# Exercise data

^^^^

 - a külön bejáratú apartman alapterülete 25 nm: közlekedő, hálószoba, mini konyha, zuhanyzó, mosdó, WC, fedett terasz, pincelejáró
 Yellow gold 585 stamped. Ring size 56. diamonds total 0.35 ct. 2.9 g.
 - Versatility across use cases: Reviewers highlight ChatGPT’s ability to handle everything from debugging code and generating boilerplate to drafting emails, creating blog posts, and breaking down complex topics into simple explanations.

^^^^

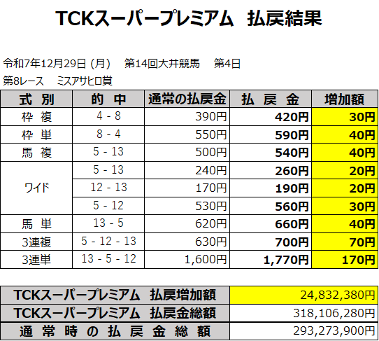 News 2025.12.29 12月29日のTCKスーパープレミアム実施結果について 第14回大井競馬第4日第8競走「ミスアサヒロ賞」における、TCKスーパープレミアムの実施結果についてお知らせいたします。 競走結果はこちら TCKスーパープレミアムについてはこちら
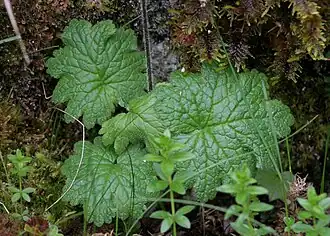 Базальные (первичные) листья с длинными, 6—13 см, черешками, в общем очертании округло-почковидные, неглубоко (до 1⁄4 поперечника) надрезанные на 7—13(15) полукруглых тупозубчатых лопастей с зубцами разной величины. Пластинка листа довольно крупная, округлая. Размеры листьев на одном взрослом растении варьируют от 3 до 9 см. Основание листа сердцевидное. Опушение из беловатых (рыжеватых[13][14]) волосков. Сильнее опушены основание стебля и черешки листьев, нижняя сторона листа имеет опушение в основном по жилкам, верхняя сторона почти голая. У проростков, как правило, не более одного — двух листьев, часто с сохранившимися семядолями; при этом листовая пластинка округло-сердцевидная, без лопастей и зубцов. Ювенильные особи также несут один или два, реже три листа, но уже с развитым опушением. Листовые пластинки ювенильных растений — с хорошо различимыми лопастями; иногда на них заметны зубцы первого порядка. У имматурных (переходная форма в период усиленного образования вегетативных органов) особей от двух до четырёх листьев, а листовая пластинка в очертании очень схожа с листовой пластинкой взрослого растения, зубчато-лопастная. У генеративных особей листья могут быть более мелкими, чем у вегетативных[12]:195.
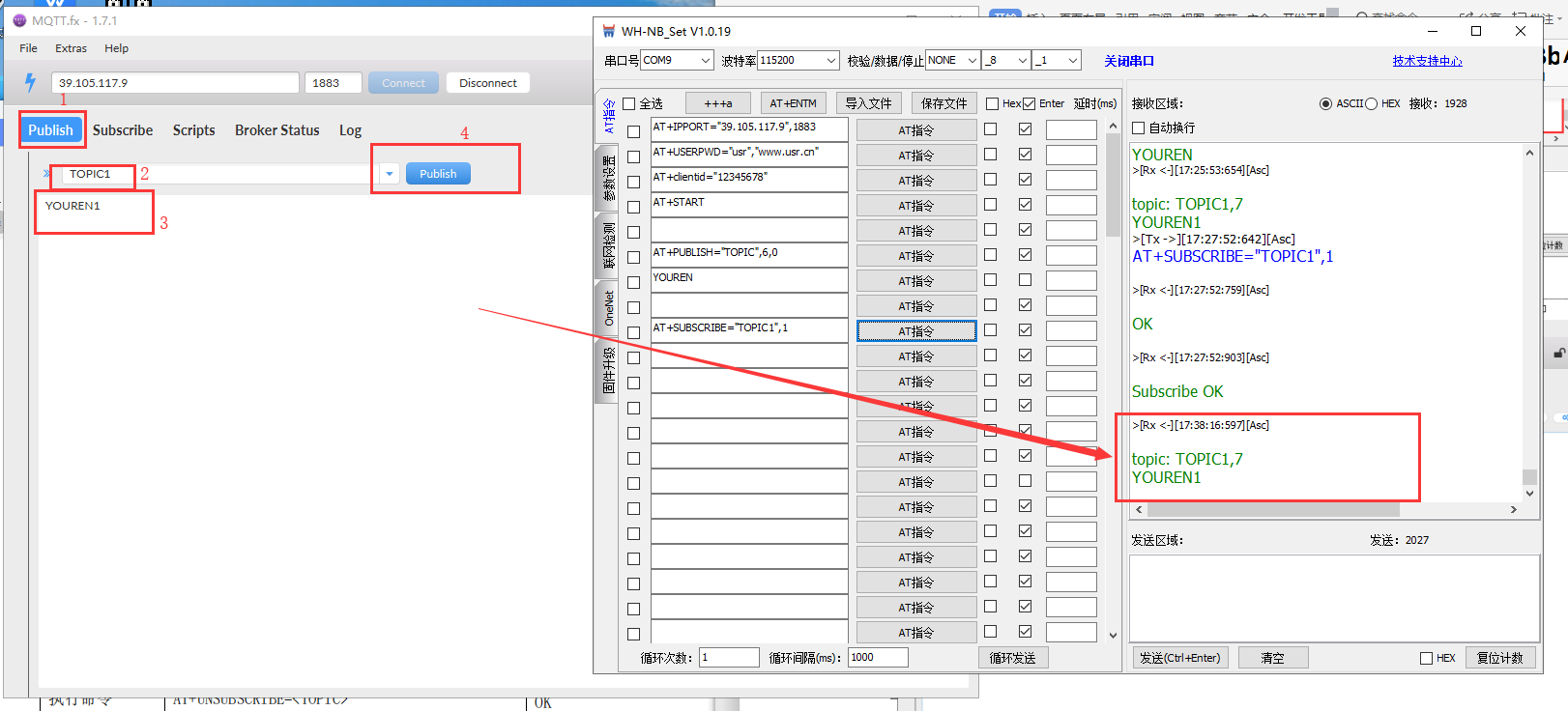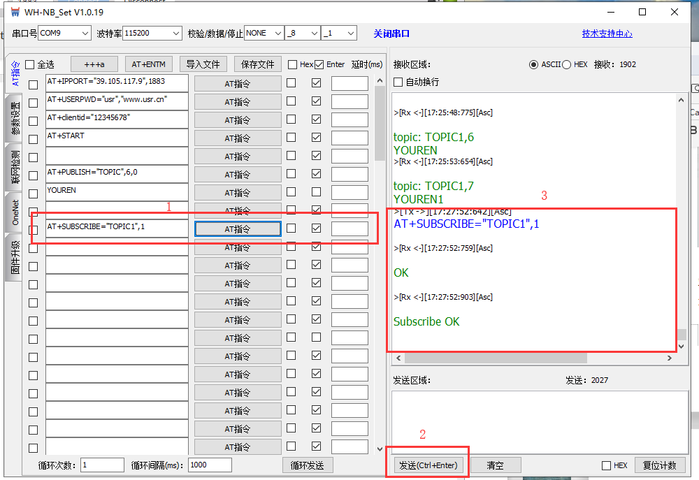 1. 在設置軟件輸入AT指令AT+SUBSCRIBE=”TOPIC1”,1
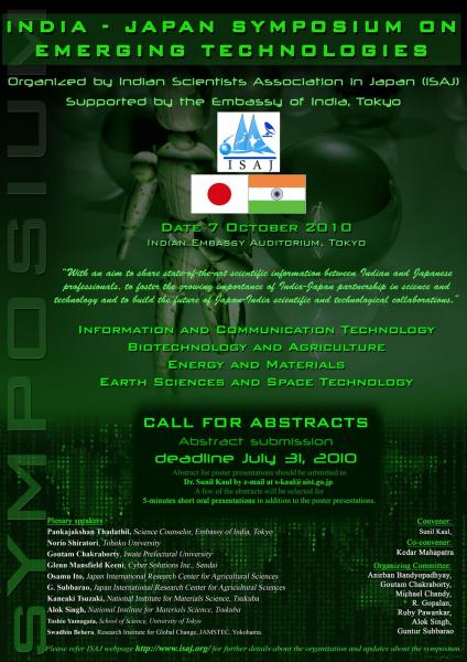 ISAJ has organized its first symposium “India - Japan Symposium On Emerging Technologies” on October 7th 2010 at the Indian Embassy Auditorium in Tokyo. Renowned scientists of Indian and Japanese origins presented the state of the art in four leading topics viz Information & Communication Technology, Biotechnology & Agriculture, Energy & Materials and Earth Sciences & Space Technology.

^^^^

# Work instructions
Within the material above, copy exactly the lines from the line that holds "- a külön bejáratú" up to and including the line that holds "- Versatility across".

# Exercise output
 - a külön bejáratú apartman alapterülete 25 nm: közlekedő, hálószoba, mini konyha, zuhanyzó, mosdó, WC, fedett terasz, pincelejáró
 Yellow gold 585 stamped. Ring size 56. diamonds total 0.35 ct. 2.9 g.
 - Versatility across use cases: Reviewers highlight ChatGPT’s ability to handle everything from debugging code and generating boilerplate to drafting emails, creating blog posts, and breaking down complex topics into simple explanations.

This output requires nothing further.